** INSTRUCTIONS TO FOLLOW **
Would you please reproduce all the entries word for word, minus the pictures?

#####

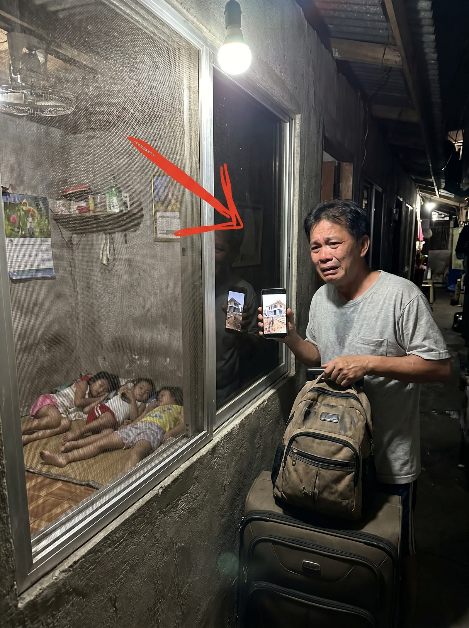 At sa bintana ng kapitbahay, nakita niya ang tatlo niyang anak na magkakatabing natutulog sa iisang banig.
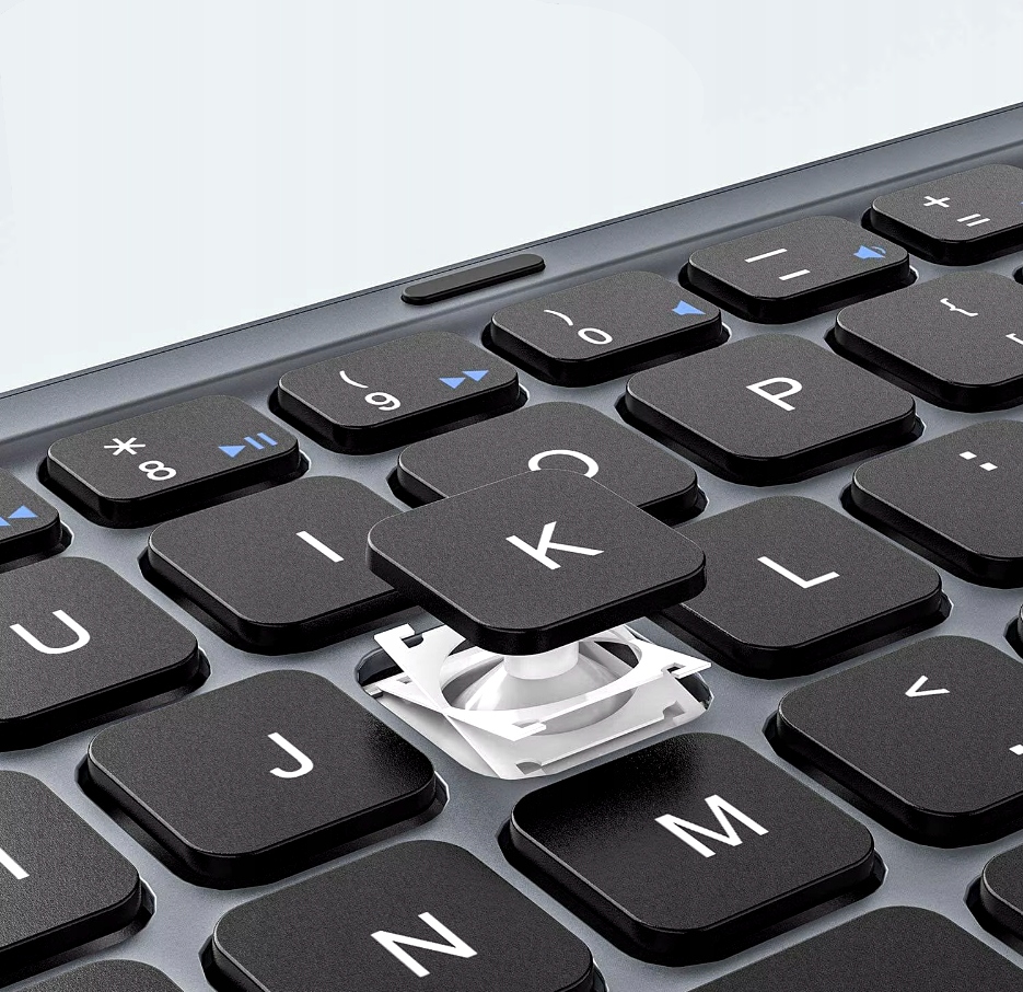 - Wielozadaniowość: Możliwość sparowania z kilkoma urządzeniami jednocześnie. Dzięki temu możesz szybko przełączać klawiaturę między laptopem, tabletem i telefonem, korzystając z dedykowanych przycisków funkcyjnych, bez konieczności ponownego parowania.
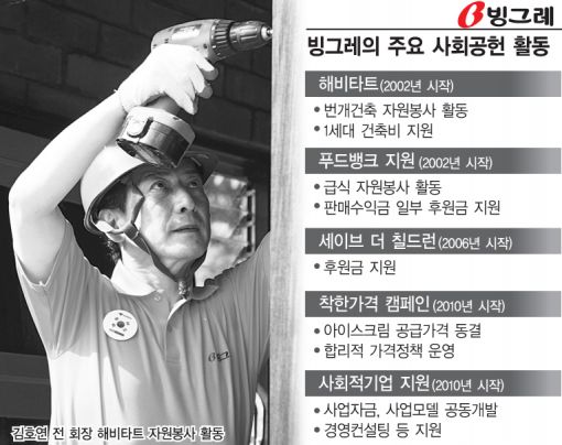 ◆사회 취약계층 돕기 앞장 = 빙그레는 김호연 전 회장(김구 재단 이사장)의 경영이념을 근간으로 기업의 사회적 책임을 다하기 위한 활동을 활발히 전개하고 있다.
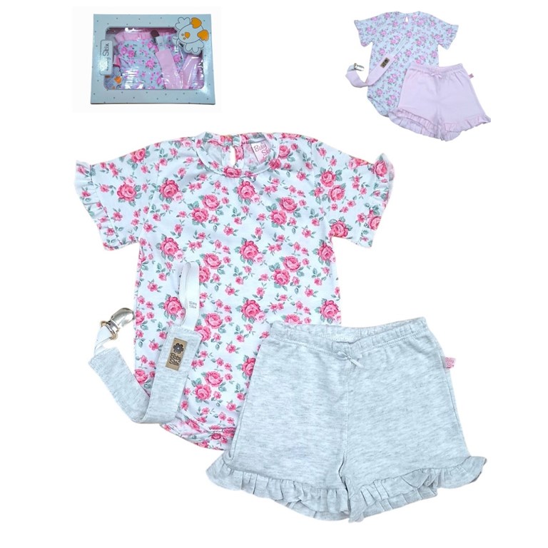 Set de 3 piezas para beba con bodyshort y portachupete.Baby skin
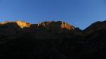 Asciende así hasta unirse al GR-18 cerca del collado (1498m 1h18′) y llegar a la cresta (1513m 1h20′). Ahora, un camino bien tallado bordea la roca por la izquierda, llegando a unos prados un poco confusos. Hay que seguir hileras de piedras en el suelo y escasas señales de GR. Pero la idea es seguir la cresta por su máxima pendiente hasta los lomos herbosos de la parte superior.
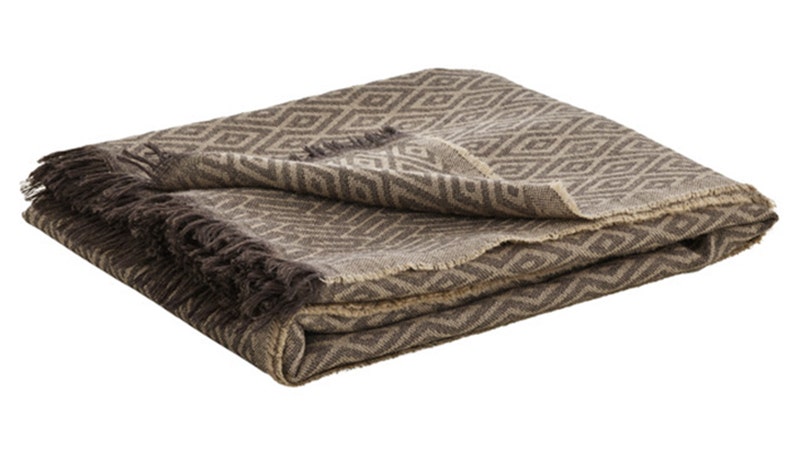 An expressive design by Jaime Hayon, this throw is designed for comfort. Made of 100% superfine wool and enriched with fringes that refer to the textile tradition of India and the East, the geometric pattern in earthy tones is woven into the throw creating a dynamic look together with the subtle shades of gray-brown.
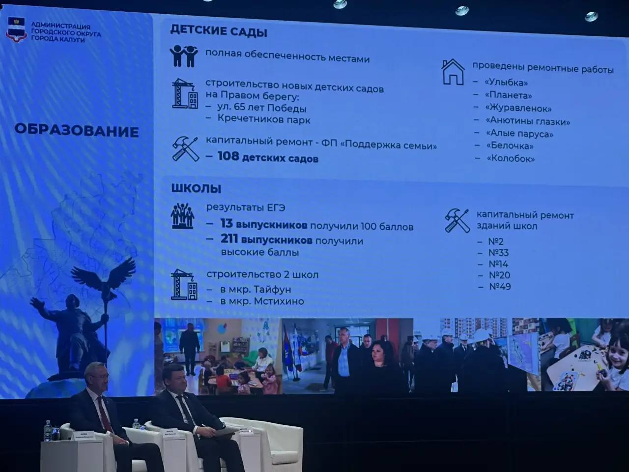 В 7 детских садах проведены ремонтные работы за счет средств местного бюджета. Это и замена оконных и дверных блоков, ремонт фасадов и кровель. Проведены капитальные ремонты зданий школ № 2 и № 33 за счет федерального и регионального и местных бюджетов. Также выполнены локальные работы за счет местного бюджета в 3 школах.
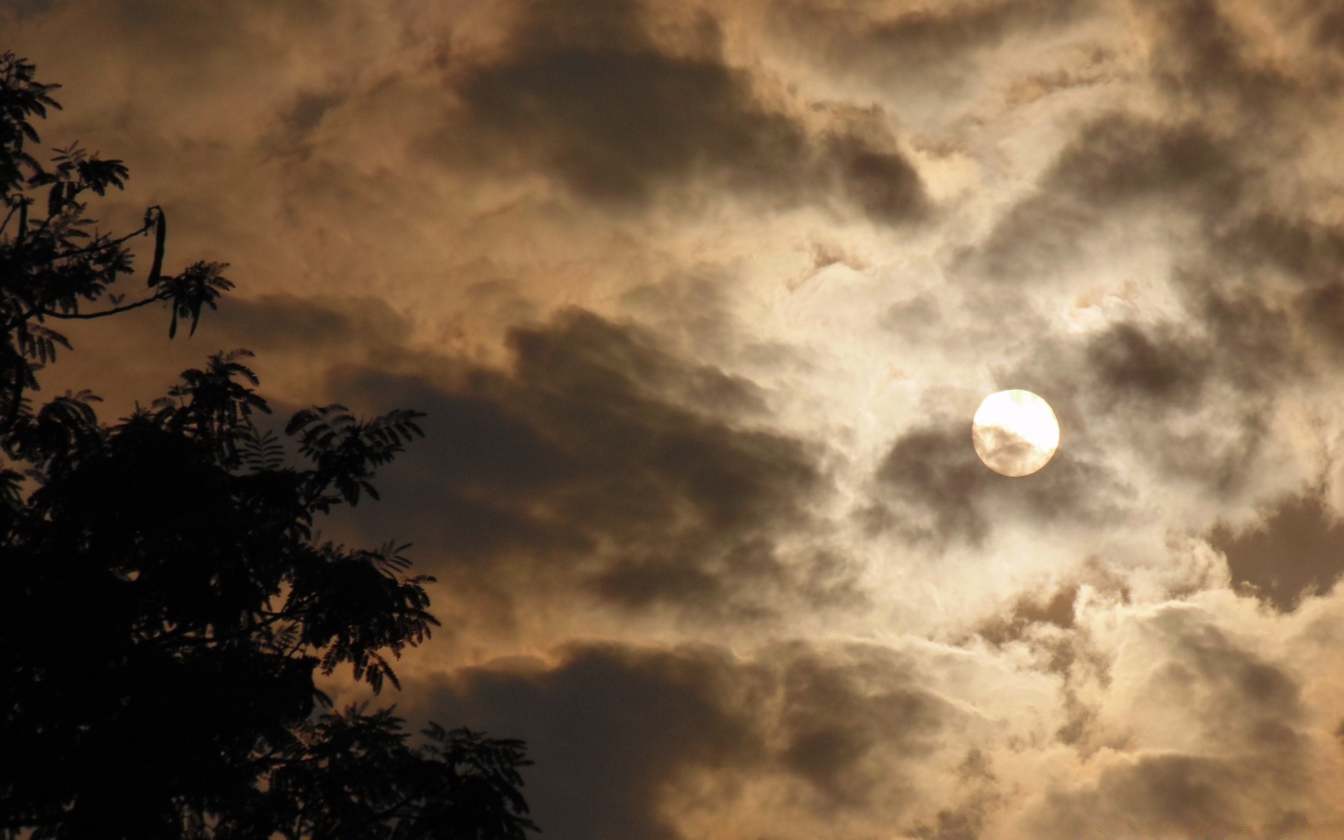 Cielo negro con nubes a punto de cerrar la Luna llena
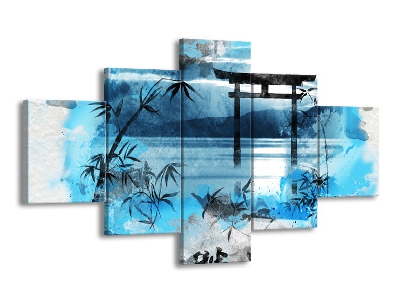 Glasschilderij Chinese Poort | Blauw, Grijs, Zwart | 125x70cm 5Luik
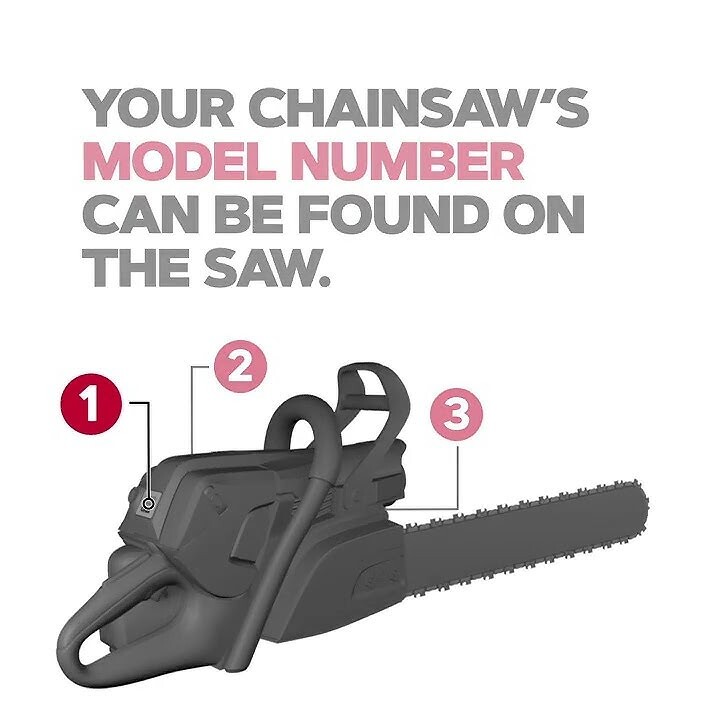 You can find your model number in one of three places on most chainsaws. On the back, top or front of the saw there should be a label that shows the 5-7 digit model number.
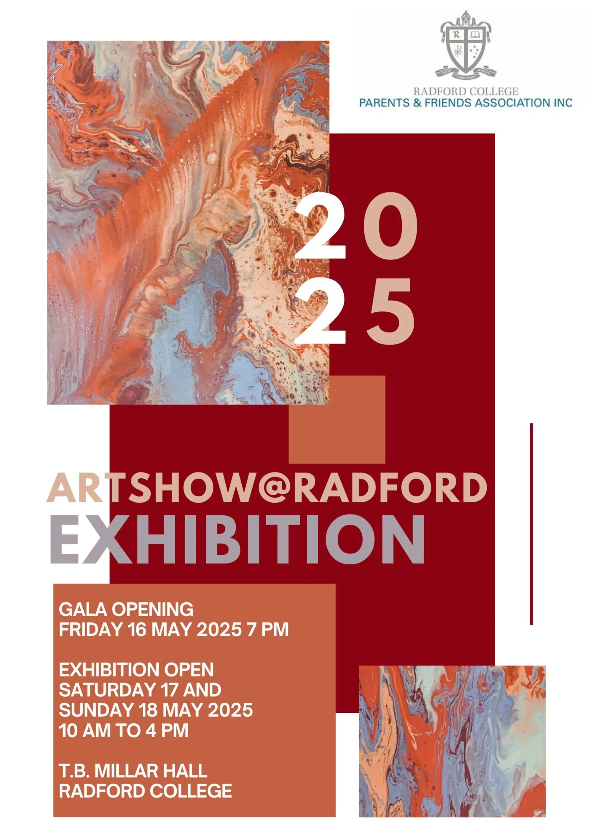 - Artshow@Radford Gala evening – Friday, 16 May – 7.00 pm – T.B. Millar Hall – Buy your tickets here
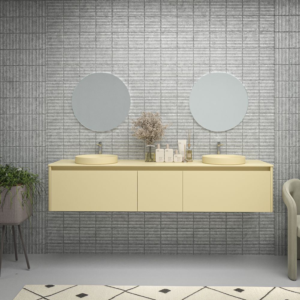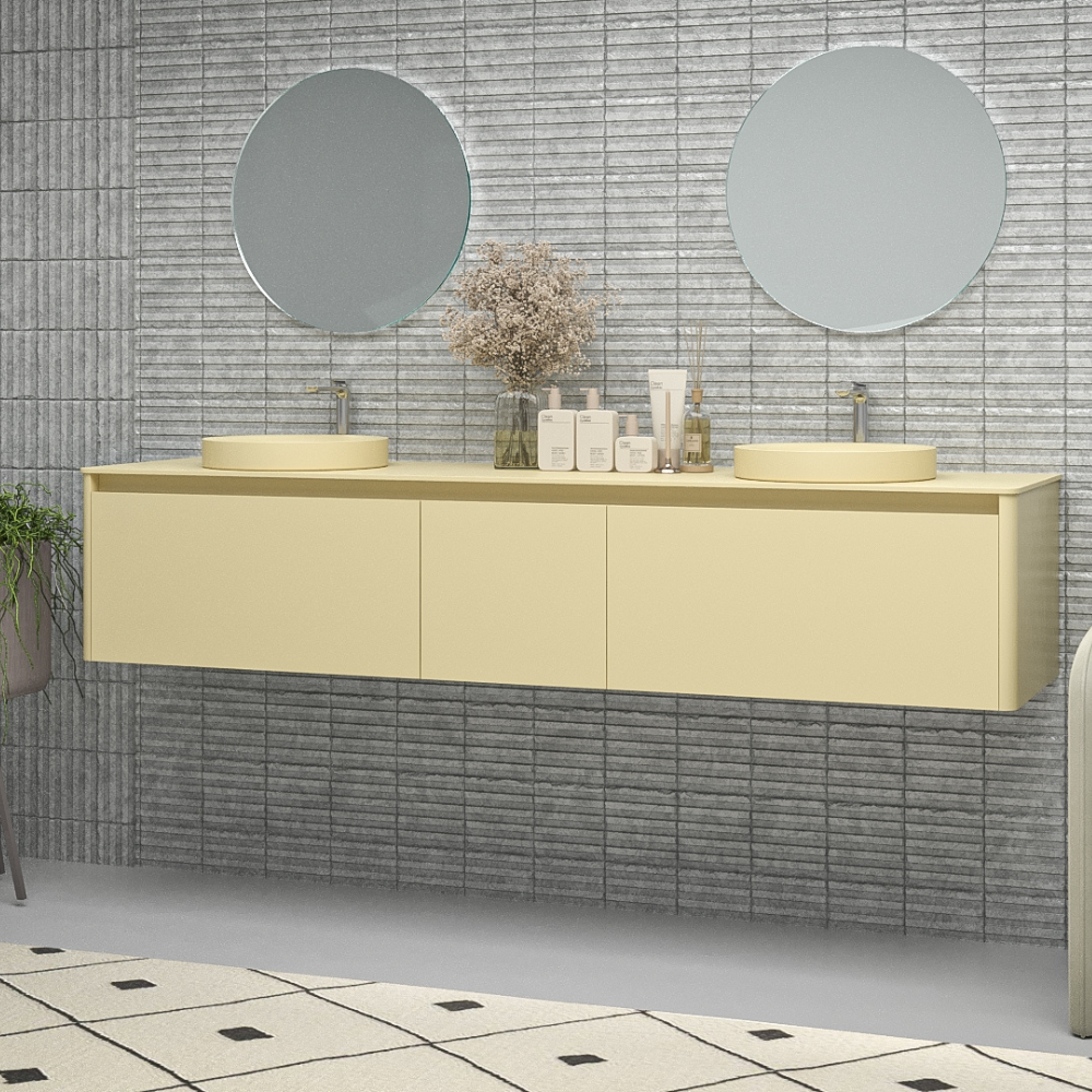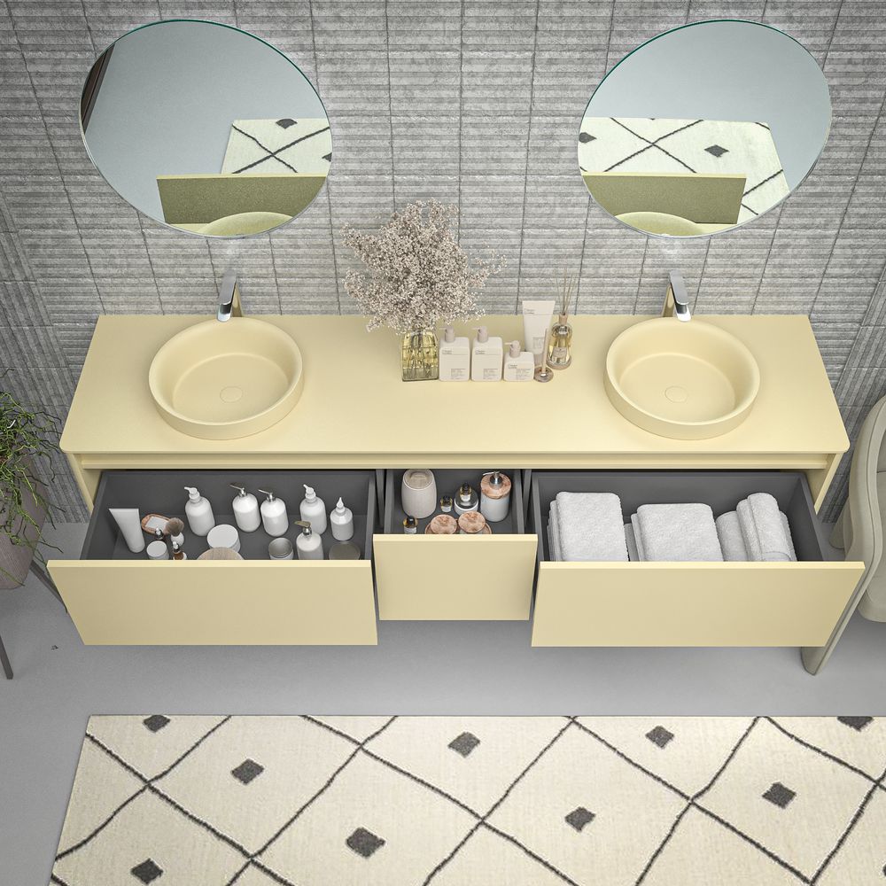 Los muebles de baño suspendido con cajónes son ideales para almacenar todos los enseres de baño en orden. Las medida del mueble son de 160 cm / 180 cm /200 cm de ancho x 45 cm de fondo x 40 cm de alto .Esta fabricado en MDF alta presión , un material muy resistente y duradero para que el mueble tenga una larga vida. .Está compuesto por 2 cajones fabricado con guías metálicas de extracción total con cierre amortiguado. La apertura y cierre de los cajones se realiza con uñero . Para completar el mueble de baño de diseño, el lavabo de SOLID SURFACE se puede acabar en la mismo color del mueble y puedes añadir espejos enmarcados en aluminio exactamente igual al color del mueble. Combina con todos los tipos de espejos de nuestro catalogo. El mueble lo podrás escoger en varios acabados diferentes ( o en cualquier color de la carta RAL ). Una amplia gama en colores para que no tengas problemas de compatibilidad con el resto de accesorios de baño. Para que no pierdas tiempo en montarlo, el mueble te llegará a casa completamente ensamblado. Solamente tendrás que recibirlo e instalarlo a pared de manera sencilla. Un mueble con diseño internacional para tu cuarto de baño.

#####

** RESULT BELOW **
 At sa bintana ng kapitbahay, nakita niya ang tatlo niyang anak na magkakatabing natutulog sa iisang banig.
 - Wielozadaniowość: Możliwość sparowania z kilkoma urządzeniami jednocześnie. Dzięki temu możesz szybko przełączać klawiaturę między laptopem, tabletem i telefonem, korzystając z dedykowanych przycisków funkcyjnych, bez konieczności ponownego parowania.
 ◆사회 취약계층 돕기 앞장 = 빙그레는 김호연 전 회장(김구 재단 이사장)의 경영이념을 근간으로 기업의 사회적 책임을 다하기 위한 활동을 활발히 전개하고 있다.
 Set de 3 piezas para beba con bodyshort y portachupete.Baby skin
 Asciende así hasta unirse al GR-18 cerca del collado (1498m 1h18′) y llegar a la cresta (1513m 1h20′). Ahora, un camino bien tallado bordea la roca por la izquierda, llegando a unos prados un poco confusos. Hay que seguir hileras de piedras en el suelo y escasas señales de GR. Pero la idea es seguir la cresta por su máxima pendiente hasta los lomos herbosos de la parte superior.
 An expressive design by Jaime Hayon, this throw is designed for comfort. Made of 100% superfine wool and enriched with fringes that refer to the textile tradition of India and the East, the geometric pattern in earthy tones is woven into the throw creating a dynamic look together with the subtle shades of gray-brown.
 В 7 детских садах проведены ремонтные работы за счет средств местного бюджета. Это и замена оконных и дверных блоков, ремонт фасадов и кровель. Проведены капитальные ремонты зданий школ № 2 и № 33 за счет федерального и регионального и местных бюджетов. Также выполнены локальные работы за счет местного бюджета в 3 школах.
 Cielo negro con nubes a punto de cerrar la Luna llena
 Glasschilderij Chinese Poort | Blauw, Grijs, Zwart | 125x70cm 5Luik
 You can find your model number in one of three places on most chainsaws. On the back, top or front of the saw there should be a label that shows the 5-7 digit model number.
 - Artshow@Radford Gala evening – Friday, 16 May – 7.00 pm – T.B. Millar Hall – Buy your tickets here
 Los muebles de baño suspendido con cajónes son ideales para almacenar todos los enseres de baño en orden. Las medida del mueble son de 160 cm / 180 cm /200 cm de ancho x 45 cm de fondo x 40 cm de alto .Esta fabricado en MDF alta presión , un material muy resistente y duradero para que el mueble tenga una larga vida. .Está compuesto por 2 cajones fabricado con guías metálicas de extracción total con cierre amortiguado. La apertura y cierre de los cajones se realiza con uñero . Para completar el mueble de baño de diseño, el lavabo de SOLID SURFACE se puede acabar en la mismo color del mueble y puedes añadir espejos enmarcados en aluminio exactamente igual al color del mueble. Combina con todos los tipos de espejos de nuestro catalogo. El mueble lo podrás escoger en varios acabados diferentes ( o en cualquier color de la carta RAL ). Una amplia gama en colores para que no tengas problemas de compatibilidad con el resto de accesorios de baño. Para que no pierdas tiempo en montarlo, el mueble te llegará a casa completamente ensamblado. Solamente tendrás que recibirlo e instalarlo a pared de manera sencilla. Un mueble con diseño internacional para tu cuarto de baño.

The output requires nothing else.